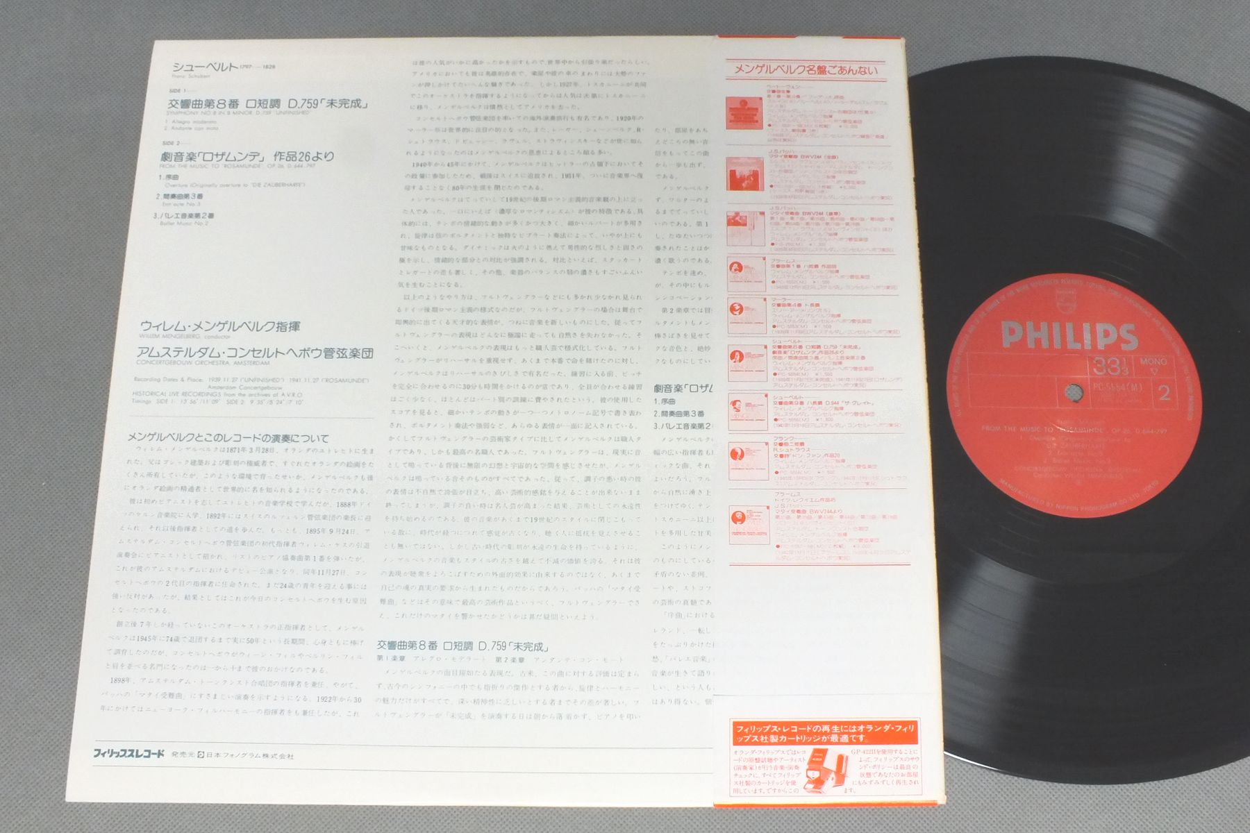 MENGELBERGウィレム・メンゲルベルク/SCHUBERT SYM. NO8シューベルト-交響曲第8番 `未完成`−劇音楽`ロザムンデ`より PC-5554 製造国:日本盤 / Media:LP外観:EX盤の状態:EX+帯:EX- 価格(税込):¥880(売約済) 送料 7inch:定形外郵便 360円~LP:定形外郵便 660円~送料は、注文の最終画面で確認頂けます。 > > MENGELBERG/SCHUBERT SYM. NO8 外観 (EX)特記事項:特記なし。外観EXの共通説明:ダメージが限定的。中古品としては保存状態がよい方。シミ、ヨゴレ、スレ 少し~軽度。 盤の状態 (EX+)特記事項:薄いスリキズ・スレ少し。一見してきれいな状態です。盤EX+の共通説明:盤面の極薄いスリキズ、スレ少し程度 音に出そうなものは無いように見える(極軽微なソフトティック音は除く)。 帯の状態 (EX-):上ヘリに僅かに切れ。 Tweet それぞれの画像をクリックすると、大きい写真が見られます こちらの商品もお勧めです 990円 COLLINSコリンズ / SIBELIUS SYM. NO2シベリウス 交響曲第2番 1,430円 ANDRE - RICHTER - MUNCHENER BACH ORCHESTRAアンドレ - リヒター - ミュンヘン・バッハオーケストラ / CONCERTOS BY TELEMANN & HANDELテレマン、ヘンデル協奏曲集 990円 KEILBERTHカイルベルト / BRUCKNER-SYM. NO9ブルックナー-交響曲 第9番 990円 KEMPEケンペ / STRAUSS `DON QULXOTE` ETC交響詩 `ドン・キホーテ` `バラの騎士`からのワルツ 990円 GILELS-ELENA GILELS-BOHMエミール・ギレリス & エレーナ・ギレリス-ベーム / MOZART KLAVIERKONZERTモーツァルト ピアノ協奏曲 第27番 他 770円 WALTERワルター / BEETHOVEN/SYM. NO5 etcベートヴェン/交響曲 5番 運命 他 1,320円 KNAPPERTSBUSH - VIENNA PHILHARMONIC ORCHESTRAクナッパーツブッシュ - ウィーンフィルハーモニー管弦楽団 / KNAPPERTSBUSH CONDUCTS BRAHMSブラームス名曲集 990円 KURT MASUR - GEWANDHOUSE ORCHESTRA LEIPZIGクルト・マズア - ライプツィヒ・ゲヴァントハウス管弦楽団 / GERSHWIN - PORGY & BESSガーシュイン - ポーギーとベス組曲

* * *

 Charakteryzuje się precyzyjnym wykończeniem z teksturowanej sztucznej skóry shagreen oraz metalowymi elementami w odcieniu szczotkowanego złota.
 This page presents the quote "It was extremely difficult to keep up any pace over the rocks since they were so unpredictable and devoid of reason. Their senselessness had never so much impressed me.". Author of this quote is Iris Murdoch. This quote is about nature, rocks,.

▶ _Exercise objective_: Return exactly, and only, the lines above starting at the line that contains "Charakteryzuje się precyzyjnym" and ending at the line that contains "This page presents".

▶ _Reply_:
 Charakteryzuje się precyzyjnym wykończeniem z teksturowanej sztucznej skóry shagreen oraz metalowymi elementami w odcieniu szczotkowanego złota.
 This page presents the quote "It was extremely difficult to keep up any pace over the rocks since they were so unpredictable and devoid of reason. Their senselessness had never so much impressed me.". Author of this quote is Iris Murdoch. This quote is about nature, rocks,.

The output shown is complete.